Bill C. on June 20, 2011 at 2:43 pm

Debbie,
If you hadn’t written a single word Debbie, all we need to see is the picture in the middle where your dad is holding a mic. If that is you looking at your dad, the look in your eyes tells us everything of what your dad was and where he rated with you.

CACTUSJACK on June 20, 2011 at 7:34 pm

I saw a comment recently I don’t think I had thought of it this way “Children learn what they live”. I think you are proof of that having had a remarkable dad.

Joel C on June 20, 2011 at 8:37 pm

Dear Debbie,
I don’t remember the last time I read a story about a girl who idolized her father until the day he died. It’s a good story. I would love to have that kind of relationship with my father. I would love to have a father with decent values who works for worthy causes.

I have to say that I don’t agree that all dads have to make the money and all moms have to be available for their kids with no distractions. I don’t know if you are married or have children, Debbie, but please don’t give up what you do. This is a different world from when you were a child and some guys are great at being the primary parent now that it is acceptable. I am a lab animal veterinarian (more money) and my husband has a home improvement business (less money). We are both available for our children and we share that responsibility the way it works out best for our schedules.

All of us have benefited from your father’s contributions to America, to the Jewish world, and to humankind in general. I can’t thank him, so I’ll thank you.

Jenny on June 20, 2011 at 11:16 pm

Debbie,

I LOVED your posting about your father – I’ve told you a lot about my Dad so it was wonderful to read about yours. I can see where you got your guts, your political grounding, your common sense and your Ahavat Yisrael. He sounded like a wonderful, sensible, sensitive (in strong way) man – a true MENSCH in the finest sense of the word! I hope your father and my father have come to know each other in Hashamayim – they would hit it off famously!!

Very best,

Phil

Phil Raimi on June 20, 2011 at 11:56 pm

Bless you, Debbie.
Your Father would have been proud of you….

Shootist on June 21, 2011 at 10:49 am

Dr Dale,
I sincerely hope that you make an effort to let your daughter know you love her and miss her. If even a card in the mail. No matter what happened, it will mean something to her if you make an effort. It is never too late, until you have lost them physically and life is precious. Both my parents are gone and thankfully my last words were of love to both. Daughters, no matter how stubborn, immature, etc. always want to know their Dad loves and thinks about them. I hope you will take action and good luck if you do.

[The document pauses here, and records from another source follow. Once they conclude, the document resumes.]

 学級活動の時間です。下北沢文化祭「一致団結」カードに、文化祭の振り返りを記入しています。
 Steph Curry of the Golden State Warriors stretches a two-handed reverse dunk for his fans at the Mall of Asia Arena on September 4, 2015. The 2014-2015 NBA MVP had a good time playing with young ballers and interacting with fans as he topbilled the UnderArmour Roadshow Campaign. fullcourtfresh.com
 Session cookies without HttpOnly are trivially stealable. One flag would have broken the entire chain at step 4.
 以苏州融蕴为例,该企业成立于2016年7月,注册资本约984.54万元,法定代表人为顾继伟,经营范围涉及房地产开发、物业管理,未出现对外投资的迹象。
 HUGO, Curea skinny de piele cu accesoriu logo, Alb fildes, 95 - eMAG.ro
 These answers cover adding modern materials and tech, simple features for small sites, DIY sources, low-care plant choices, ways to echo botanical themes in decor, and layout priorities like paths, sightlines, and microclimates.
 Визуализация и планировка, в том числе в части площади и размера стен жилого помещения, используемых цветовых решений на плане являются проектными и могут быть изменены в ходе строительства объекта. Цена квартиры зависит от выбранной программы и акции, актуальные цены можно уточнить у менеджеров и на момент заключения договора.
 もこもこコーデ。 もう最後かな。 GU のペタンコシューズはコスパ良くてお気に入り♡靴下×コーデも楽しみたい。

CJ on June 21, 2011 at 11:29 am

“-there has never been enough time, when you have a great father like I had, and he passes away.”

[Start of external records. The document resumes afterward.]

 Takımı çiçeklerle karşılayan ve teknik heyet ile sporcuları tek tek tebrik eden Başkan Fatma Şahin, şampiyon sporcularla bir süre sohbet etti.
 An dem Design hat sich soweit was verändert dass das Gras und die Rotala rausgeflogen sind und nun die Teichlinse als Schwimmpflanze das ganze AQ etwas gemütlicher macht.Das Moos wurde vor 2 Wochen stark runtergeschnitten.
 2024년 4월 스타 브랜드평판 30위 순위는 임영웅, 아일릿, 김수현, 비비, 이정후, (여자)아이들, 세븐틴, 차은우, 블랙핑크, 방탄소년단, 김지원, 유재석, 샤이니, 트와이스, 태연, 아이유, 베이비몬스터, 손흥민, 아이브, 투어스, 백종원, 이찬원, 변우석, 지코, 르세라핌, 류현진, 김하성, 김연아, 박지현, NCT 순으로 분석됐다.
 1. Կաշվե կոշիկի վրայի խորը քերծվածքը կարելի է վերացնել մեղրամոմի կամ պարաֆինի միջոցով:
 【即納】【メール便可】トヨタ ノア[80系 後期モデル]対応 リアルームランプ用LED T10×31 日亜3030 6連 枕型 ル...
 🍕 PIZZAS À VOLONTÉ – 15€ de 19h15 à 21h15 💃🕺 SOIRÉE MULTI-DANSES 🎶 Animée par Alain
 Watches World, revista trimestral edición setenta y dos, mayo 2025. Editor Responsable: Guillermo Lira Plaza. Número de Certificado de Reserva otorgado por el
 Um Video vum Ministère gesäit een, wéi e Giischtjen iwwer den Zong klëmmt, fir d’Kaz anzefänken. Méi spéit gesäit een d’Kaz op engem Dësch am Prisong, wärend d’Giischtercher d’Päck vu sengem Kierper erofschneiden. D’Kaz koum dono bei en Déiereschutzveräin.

That goes both ways. My father was not like yours, but I miss him a lot and I’m sorry we didn’t have more time together to “fix” our relationship.

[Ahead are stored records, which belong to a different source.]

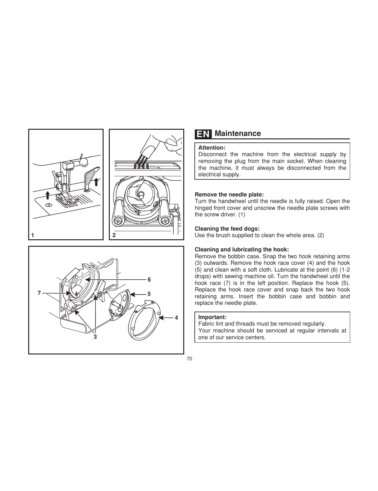 drops) with sewing machine oil. Turn the handwheel until the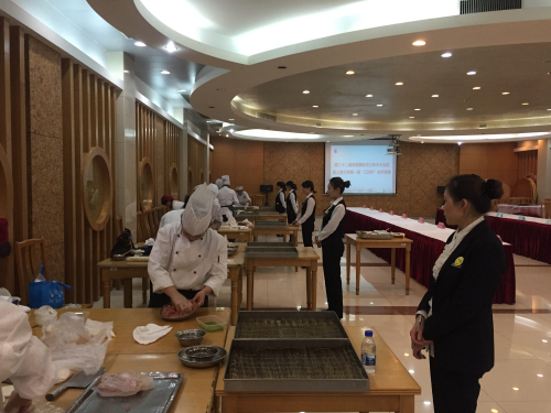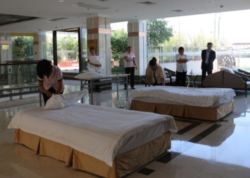 客房铺床、会务摆台和中餐摆台技术竞赛在乐乎新楼举行。客房铺床看似简单,其实很多服务细节专业性都很强,例如:甩床单,要求一次性甩成功,两手臂用力要均匀,稍一疏忽,就会中线偏移。选手们在这次比赛中都完成得非常流畅,甩、抛、定位、包角等无不反映出扎实规范的服务技能。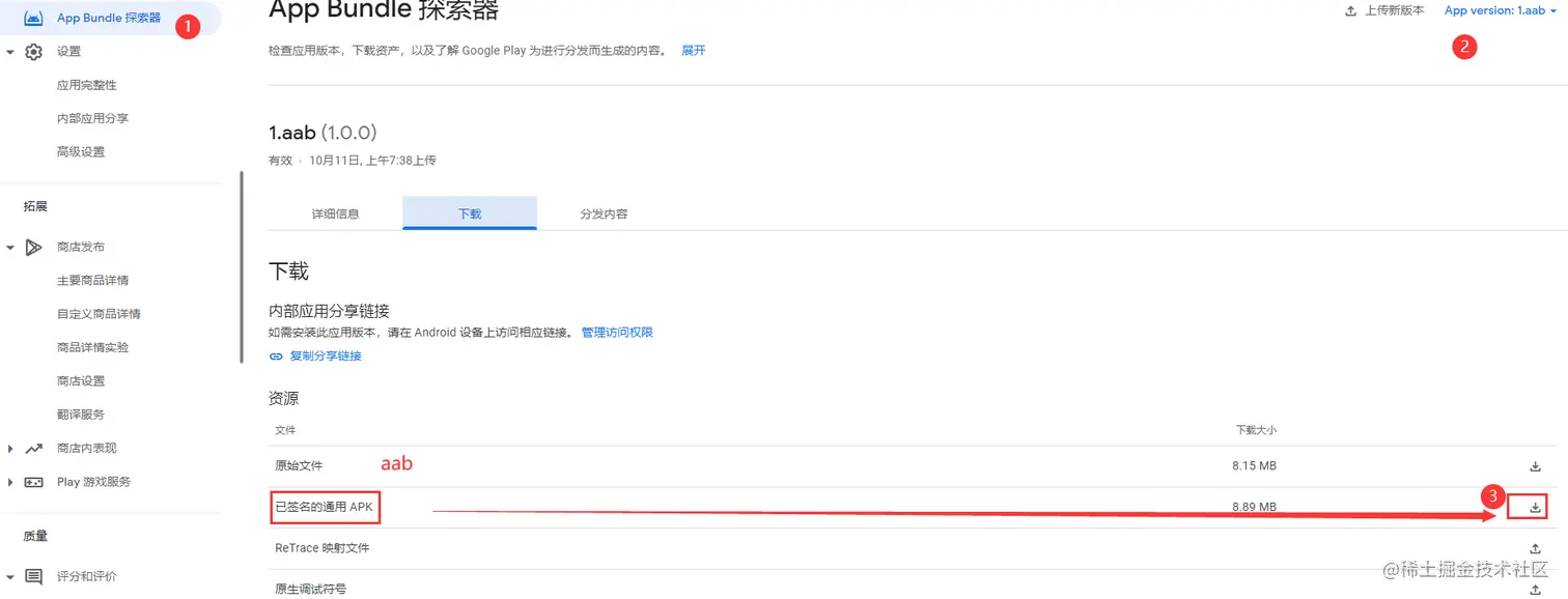 选中应用>App Bundle 探索器>下载>找到已签名的通用APK点击下载。如下图: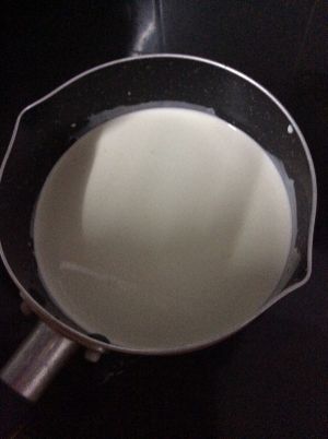 牛奶和淡奶油混合,稍加热,倒入白糖,使其充分溶化

Kerry B. on June 22, 2011 at 3:29 pm

Father’s Day is always a little hard for me.
My father deserted my mother with seven children when I was in first grade. I literally have almost no memory of him. My younger siblings have none at all. He was a career Air Force man that was overseas most of the time.
And when he was stat-side he was much more interested in partying than spending time with his kids.
I never got a phone call or birthday present, ever.
After becoming a Christian in my early teens I was dedicated to being the man father never was.
All three of my fast becoming adult children were conceived in wedlock. That part was pretty easy since we waited until after we were married to have sex.
I’ve tried so hard to model the things I never had modeled for me growing up. Adult men were a complete mystery to me. I had some older friends that I looked up to and emulated, but having a father like Debbie’s would have been of infinite value.
The Bible is very clear about not envying, but I confess to being guilty of envying you Debbie for your relationship with your dad.
I can only pray in years to come my children can have the same adulation for me that you have for your father. They may feel that way now, but it’s hard for kids in their teens and early twenties to express themselves.